В этот вечер в конце октября в нем было особенно холодно, так как морозы на дворе достигали здесь уже почти сорока градусов, а Кушнареву досталась на топливо только одна тонкая и сырая жердь. Обругав неспособного дневального: «Как ты на воле жил, такой чугрей?» — работяги завалились спать, а он, привалившись к почти холодной печке, думал свою обычную, горькую думу о том, какой же он жалкий, слабовольный и никчемный человек. Он не сумел воспользоваться ни одной из бесчисленных возможностей, которые на протяжении многих лет предоставляли ему лагеря обычного режима для расчета с ненужной и тяготившей его жизнью. Всегда робел, когда дело доходило до последнего, решающего усилия и откладывал на «потом». И вот дооткладывался. Никто, конечно, не мешает сделать это усилие и здесь. Но избавиться от последующего лежания в земле с инвентарной биркой на левой ноге и фанерной эпитафией из своих собственных установочных данных здесь нельзя. В спецлаге стерегут так тщательно не людей — им и без охраны уйти отсюда почти некуда, — а некие предметы с инвентарными номерами. И дело не в том, жив или мертв заключенный, а в том, чтобы он сохранился как этот предмет. И из такого отношения к заключенным здесь не делается никакого секрета. Кушнареву почти прямо говорили об этом и местный опер, и здешний начальник УРЧ: от бирки-де не уйдешь… Опер, правда, советовал терпеть и «тянуть» оставшиеся восемь лет. Но теперь это уже невозможно. Предыдущие десять лет заключения не прошли бесплодно, а режим в спец-лагере таков, что рано или поздно, а «загнешься на тачке», не выдержав изнурительной работы, холода и хронического недоедания. На дневальство особенно надеяться не приходится, непременно и скоро отсюда выгонят за нерасторопность. А это значит, что через год, от силы два, придется лежать в здешней мертвецкой с фиолетовым номером на пятке, ожидая очереди к «роялю» и бирке. От сознания этого охватывает чувство безысходности, которое бывает, наверно, у приговоренных не только к смерти, но и к посмертному глумлению над их телом. И всегда, когда это чувство особенно сильно, Кушнареву кажется, что оно знакомо ему уже давно, едва ли не с детства. Ощущение того, что происходящее сейчас когда-то уже было, известно всем. Чаще всего оно оказывается ложным, но здесь было что-то другое. Кушнарев напрягал память, пытаясь вспомнить, что же именно, но не мог. Кроме разве того, что тягостное чувство связано у него с чем-то случившимся давно, давно, как будто даже в какой-то другой жизни.

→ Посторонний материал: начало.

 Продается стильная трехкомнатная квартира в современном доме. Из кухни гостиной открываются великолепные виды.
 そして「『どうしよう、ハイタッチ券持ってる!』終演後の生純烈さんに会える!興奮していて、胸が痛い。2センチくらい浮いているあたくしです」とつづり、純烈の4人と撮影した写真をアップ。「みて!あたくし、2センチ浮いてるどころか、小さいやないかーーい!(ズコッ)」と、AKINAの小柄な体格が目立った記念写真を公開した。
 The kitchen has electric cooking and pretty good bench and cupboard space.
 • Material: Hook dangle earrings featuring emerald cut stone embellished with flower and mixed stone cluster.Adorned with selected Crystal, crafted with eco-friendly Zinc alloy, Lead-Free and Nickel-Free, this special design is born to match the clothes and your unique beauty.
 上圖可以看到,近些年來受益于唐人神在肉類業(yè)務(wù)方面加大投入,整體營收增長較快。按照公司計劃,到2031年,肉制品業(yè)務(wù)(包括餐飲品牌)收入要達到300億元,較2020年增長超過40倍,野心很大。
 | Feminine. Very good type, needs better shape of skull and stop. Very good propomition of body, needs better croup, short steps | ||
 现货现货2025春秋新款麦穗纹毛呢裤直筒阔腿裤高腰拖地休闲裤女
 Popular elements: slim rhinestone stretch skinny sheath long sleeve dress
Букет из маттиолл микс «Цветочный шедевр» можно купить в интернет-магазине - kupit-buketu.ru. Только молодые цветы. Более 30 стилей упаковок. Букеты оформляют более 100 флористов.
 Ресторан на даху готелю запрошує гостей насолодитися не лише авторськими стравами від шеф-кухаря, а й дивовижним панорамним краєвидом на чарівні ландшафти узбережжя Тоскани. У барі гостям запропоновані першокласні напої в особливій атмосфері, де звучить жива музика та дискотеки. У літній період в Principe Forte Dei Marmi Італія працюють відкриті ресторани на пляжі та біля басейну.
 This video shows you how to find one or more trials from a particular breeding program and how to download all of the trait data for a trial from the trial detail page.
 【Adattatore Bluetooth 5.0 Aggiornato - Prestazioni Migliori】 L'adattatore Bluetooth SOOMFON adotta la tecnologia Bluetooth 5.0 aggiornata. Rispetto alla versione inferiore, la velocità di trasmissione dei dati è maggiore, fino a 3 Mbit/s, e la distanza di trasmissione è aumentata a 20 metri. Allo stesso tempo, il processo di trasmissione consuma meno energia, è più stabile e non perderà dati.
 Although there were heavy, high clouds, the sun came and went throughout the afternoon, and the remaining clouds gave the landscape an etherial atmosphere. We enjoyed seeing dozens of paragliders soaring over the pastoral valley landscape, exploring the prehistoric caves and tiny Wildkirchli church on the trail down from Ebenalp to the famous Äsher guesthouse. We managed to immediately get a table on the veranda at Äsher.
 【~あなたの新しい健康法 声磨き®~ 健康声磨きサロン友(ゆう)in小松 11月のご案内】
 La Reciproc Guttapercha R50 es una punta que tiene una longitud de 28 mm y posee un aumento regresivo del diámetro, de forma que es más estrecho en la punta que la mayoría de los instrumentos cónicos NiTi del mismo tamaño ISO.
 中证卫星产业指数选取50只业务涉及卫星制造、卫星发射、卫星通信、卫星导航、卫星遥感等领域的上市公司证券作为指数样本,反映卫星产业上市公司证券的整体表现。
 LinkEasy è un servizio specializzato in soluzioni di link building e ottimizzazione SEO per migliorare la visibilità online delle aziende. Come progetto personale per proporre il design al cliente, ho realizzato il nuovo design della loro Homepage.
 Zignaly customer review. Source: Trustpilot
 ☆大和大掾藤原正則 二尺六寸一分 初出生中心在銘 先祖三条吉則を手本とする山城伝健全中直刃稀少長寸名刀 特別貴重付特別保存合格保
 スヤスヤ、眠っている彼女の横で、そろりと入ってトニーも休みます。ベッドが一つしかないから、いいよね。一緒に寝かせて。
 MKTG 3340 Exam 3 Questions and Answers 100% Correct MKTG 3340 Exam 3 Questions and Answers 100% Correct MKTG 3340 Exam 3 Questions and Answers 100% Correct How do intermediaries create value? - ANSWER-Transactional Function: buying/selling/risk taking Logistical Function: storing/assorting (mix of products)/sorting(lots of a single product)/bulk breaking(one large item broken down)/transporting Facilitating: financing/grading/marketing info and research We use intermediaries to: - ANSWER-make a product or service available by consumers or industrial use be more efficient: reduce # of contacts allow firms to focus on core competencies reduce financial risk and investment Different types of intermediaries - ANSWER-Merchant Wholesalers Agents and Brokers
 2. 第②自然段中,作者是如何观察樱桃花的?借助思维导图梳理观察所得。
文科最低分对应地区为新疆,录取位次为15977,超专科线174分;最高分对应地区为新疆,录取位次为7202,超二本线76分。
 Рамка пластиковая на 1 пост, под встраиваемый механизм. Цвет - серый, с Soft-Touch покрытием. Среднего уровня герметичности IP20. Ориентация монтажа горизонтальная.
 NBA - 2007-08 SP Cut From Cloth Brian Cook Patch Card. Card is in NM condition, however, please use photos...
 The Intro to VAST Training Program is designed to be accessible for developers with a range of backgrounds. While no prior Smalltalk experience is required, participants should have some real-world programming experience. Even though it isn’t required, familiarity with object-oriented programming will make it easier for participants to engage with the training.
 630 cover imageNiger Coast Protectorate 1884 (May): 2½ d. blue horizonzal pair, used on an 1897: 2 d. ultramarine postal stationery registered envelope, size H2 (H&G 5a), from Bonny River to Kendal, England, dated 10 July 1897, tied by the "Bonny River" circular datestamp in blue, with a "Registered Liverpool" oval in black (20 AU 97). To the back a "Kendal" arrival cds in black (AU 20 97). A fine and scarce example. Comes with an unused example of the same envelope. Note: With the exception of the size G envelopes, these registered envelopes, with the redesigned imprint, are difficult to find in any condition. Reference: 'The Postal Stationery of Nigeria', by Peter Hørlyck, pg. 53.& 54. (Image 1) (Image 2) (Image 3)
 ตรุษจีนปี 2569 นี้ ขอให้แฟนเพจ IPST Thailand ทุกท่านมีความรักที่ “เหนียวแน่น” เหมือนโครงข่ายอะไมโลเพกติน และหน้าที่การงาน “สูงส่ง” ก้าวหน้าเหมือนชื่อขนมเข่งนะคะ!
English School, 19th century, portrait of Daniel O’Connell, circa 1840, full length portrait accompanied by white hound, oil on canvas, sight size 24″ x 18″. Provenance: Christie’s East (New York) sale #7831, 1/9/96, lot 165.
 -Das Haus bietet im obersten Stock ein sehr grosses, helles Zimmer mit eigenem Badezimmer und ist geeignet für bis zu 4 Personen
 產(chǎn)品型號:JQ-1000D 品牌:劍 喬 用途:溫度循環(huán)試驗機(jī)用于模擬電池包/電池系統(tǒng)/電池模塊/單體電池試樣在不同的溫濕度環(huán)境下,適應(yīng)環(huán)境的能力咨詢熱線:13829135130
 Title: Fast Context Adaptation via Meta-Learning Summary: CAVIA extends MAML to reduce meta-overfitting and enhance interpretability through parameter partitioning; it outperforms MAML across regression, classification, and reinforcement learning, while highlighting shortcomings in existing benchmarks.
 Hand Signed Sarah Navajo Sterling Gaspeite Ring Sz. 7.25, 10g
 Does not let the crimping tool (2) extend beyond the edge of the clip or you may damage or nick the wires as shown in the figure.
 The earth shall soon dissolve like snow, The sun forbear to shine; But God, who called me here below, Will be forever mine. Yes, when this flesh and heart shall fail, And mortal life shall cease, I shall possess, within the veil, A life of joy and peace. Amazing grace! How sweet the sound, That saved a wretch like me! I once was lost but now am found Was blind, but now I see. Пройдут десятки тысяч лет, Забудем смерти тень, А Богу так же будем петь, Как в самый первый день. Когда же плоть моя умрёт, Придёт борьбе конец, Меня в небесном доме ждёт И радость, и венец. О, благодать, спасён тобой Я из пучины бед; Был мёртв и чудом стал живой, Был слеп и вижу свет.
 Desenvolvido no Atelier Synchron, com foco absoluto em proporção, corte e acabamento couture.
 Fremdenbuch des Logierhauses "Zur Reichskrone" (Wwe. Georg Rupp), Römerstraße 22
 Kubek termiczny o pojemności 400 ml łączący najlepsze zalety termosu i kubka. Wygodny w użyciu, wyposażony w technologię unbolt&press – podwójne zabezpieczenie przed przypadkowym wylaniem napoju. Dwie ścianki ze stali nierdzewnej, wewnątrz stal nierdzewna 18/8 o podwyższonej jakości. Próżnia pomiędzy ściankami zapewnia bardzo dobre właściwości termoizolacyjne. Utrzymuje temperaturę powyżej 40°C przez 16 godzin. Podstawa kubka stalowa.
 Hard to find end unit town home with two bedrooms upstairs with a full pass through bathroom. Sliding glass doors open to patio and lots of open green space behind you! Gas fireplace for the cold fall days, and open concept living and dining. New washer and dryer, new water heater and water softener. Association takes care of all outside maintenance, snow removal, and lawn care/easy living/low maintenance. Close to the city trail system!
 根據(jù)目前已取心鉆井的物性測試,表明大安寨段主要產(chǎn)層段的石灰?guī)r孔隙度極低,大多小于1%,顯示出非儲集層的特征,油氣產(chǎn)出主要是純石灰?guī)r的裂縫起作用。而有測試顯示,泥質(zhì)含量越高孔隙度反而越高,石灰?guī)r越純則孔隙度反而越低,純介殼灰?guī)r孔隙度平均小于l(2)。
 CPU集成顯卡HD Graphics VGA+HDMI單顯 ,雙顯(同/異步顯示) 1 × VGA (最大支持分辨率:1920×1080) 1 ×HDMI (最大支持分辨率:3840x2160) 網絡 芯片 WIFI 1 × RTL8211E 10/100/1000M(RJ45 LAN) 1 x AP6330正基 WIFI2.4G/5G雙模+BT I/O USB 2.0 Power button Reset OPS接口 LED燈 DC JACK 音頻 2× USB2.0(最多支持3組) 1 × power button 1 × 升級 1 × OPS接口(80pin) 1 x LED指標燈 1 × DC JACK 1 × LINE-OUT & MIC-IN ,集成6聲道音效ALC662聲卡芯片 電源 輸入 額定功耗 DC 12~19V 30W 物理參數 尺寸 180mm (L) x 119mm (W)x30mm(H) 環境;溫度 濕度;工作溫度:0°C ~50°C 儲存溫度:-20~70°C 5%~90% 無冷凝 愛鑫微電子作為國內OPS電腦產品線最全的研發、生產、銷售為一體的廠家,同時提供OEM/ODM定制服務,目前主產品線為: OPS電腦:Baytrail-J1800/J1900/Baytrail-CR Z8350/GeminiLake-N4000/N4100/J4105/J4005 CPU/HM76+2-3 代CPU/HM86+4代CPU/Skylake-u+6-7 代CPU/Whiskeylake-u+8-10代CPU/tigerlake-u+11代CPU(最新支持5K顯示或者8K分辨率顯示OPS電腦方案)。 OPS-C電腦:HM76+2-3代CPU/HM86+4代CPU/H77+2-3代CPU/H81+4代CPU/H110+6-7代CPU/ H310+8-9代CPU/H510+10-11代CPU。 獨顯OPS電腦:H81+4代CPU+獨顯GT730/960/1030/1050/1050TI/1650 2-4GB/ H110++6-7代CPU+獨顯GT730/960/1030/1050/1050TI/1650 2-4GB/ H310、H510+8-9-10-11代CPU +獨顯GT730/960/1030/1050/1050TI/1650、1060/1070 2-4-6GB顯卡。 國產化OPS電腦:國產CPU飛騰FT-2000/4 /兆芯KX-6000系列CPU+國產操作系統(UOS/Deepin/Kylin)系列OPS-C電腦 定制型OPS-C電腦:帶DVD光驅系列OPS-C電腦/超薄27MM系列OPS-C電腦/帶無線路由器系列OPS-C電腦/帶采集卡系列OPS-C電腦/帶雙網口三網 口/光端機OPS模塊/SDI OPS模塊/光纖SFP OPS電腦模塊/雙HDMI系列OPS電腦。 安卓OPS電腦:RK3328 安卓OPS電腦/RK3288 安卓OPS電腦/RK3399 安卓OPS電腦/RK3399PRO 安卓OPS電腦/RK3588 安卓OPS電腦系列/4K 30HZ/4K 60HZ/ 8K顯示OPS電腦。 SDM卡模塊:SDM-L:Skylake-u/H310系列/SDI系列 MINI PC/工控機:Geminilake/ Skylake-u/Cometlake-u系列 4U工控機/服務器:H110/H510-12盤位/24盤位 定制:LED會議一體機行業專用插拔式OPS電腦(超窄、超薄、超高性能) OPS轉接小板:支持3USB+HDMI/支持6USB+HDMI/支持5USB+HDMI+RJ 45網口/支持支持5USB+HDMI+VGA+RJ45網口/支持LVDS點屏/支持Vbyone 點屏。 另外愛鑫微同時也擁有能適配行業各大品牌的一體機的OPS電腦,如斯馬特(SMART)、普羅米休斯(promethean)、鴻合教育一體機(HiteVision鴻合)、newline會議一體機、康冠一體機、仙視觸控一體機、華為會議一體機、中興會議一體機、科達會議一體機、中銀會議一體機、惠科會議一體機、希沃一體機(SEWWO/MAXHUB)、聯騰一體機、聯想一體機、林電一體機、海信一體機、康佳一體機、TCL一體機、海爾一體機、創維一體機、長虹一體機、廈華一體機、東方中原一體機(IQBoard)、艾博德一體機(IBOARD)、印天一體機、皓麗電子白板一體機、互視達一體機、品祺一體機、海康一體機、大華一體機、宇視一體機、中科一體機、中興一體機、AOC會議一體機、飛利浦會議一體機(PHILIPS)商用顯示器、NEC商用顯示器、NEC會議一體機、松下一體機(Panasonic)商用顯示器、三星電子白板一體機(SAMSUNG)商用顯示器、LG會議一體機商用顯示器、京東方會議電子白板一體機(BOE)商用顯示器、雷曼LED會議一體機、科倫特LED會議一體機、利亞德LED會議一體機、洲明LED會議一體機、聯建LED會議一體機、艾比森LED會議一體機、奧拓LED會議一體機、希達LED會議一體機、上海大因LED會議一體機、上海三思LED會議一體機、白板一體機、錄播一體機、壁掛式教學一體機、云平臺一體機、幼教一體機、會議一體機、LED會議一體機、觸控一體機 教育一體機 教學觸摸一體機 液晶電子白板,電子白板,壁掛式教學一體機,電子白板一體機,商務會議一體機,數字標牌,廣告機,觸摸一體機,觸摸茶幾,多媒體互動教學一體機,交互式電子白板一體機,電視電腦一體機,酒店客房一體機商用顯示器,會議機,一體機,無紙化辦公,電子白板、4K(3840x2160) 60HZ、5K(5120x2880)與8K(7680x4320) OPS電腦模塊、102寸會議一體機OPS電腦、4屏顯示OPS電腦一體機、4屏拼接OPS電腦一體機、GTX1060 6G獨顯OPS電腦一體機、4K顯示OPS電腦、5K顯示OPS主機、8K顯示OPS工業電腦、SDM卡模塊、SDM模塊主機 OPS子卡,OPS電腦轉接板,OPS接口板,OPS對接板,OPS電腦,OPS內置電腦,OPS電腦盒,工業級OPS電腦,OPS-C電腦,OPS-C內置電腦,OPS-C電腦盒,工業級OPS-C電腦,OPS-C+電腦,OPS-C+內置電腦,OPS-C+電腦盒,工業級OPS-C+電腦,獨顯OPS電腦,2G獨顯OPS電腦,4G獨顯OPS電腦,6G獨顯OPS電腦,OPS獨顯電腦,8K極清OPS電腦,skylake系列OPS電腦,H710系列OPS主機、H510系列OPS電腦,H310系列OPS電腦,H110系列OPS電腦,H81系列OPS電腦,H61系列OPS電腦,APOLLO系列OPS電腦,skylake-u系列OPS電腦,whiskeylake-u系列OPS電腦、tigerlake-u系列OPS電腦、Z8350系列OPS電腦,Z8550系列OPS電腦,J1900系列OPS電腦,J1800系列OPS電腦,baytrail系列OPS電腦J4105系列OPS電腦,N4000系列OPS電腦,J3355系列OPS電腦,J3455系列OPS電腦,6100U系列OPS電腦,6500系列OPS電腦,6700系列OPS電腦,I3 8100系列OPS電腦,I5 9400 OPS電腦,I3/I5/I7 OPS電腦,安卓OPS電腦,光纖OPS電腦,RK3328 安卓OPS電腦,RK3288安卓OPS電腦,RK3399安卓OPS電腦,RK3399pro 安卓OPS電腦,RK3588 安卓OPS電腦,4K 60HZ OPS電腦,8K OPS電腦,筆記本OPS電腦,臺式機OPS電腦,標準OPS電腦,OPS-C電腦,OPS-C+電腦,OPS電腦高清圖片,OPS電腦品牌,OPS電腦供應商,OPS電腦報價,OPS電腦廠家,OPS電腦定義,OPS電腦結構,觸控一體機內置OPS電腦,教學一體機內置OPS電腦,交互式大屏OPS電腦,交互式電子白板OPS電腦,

Тяжелые мысли роились в тяжелой голове дневального всё больше путаясь, а сама она клонилась всё ниже. И вот исчез уже из глаз кусок грязного пола за печкой и край нижних нар со свисающим с него рукавом бушлата. Их место заняла поляна среди тропического леса с высокой дикарской хижиной посередине. В углу хижины, на охапке пальмовых листьев лежит человек, обессиленный лихорадкой. Недалеко от его ложа сидит перед дымным костром на корточках другой человек, темный и обезьяноподобный. Это Игрну, шаман племени охотников за черепами и главный препаратор трофейных голов. Вот и сейчас он любовно поворачивает очередной трофей так и этак, тщательно прокаливая его в дыму костра. Игрну — артист своего дела. Сквозь дым хижины шамана видно, как с ее потолка свисает множество его изделий.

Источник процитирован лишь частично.